# Eufala trip



## billyb (Aug 22, 2012)

My neighbor who has a place on Cowiki Creek wants to go up for a few days. Probably will leave on Friday the 5th. Going to concentrate on filling my freezer with catfish but I am thinking this warm weather may have the crappie spawning. Anyone fished Eufala lately? 

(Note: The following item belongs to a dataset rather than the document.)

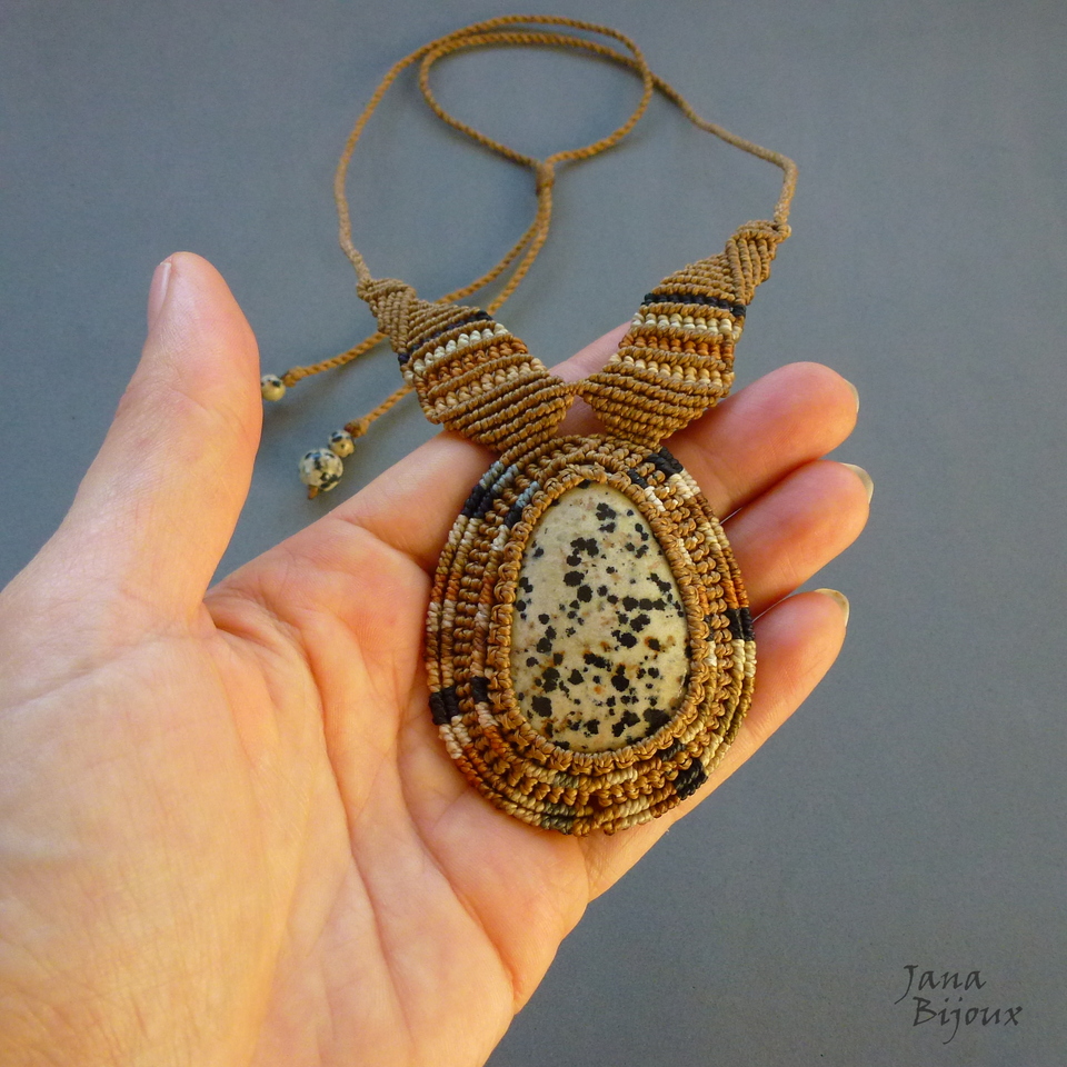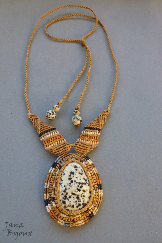 Jaspe dalmata num colar de macramé em tons dourados, crus e preto.

Going to use jugs and rod/reel for catfish. If they bite we should be able to catch 150# a day. Last time we went all of the jug fishermen were using Rooster Livers for bait. We had never heard of them so this time I bought a case of 12 tubs from a local bait store. That should last me all summer and have enough to bait my bush hooks here in FL too. I have used regular chicken livers and turkey livers for bait but never a Rooster Liver. The guy at the store said they are tough, bloody and they stink. Sounds like the perfect catfish bait.


----------



## born2fizh (Feb 6, 2008)

The crappie are moving up . They might be shallow when you are there. The next week should be great.


----------



## YELLOWCAT (Oct 25, 2017)

They were loaded with eggs last week. Bout 10ft deep under the bridge. Gonna spider rig next weekend.


----------



## billyb (Aug 22, 2012)

I am going to try to catch a few hundred pounds of catfish first. Might check some spots on the bank that has produced crappie in the past. If that doesn't work I will spider rig some. I don't crappie fish much so my longest poles are 10' and most people who spider rig use a longer pole than that. Not going to buy a bunch of 16' poles when I may only go up there twice this year.


----------



## YELLOWCAT (Oct 25, 2017)

I've got 4 14s and a couple 16s. On the pontoon it's all we can deal with at one time. I'll be over there next weekend.


----------



## billyb (Aug 22, 2012)

Leaving Friday early. Probably catfish that afternoon. Nights are going to be cold while we are there so I don't think the crappie will be spawning. Later next week it is going to warm up nicely but we can't stay all week. Just going to try to fill my freezer with catfish and hope I get to go again for crappie.


----------



## MrFish (Aug 21, 2009)

Haven't fished Eufala in years, but I love that lake.


----------



## YELLOWCAT (Oct 25, 2017)

We'll be over there Friday also. Crappie are in the creeks but still deep.


----------



## billyb (Aug 22, 2012)

YELLOWCAT do you have a place in Eufala? My friend has been at Cowiki Creek for 30+ years.


----------



## YELLOWCAT (Oct 25, 2017)

I just keep my boat in a wet slip at chewalla marina. Usually just either stay in camper or hotel.


----------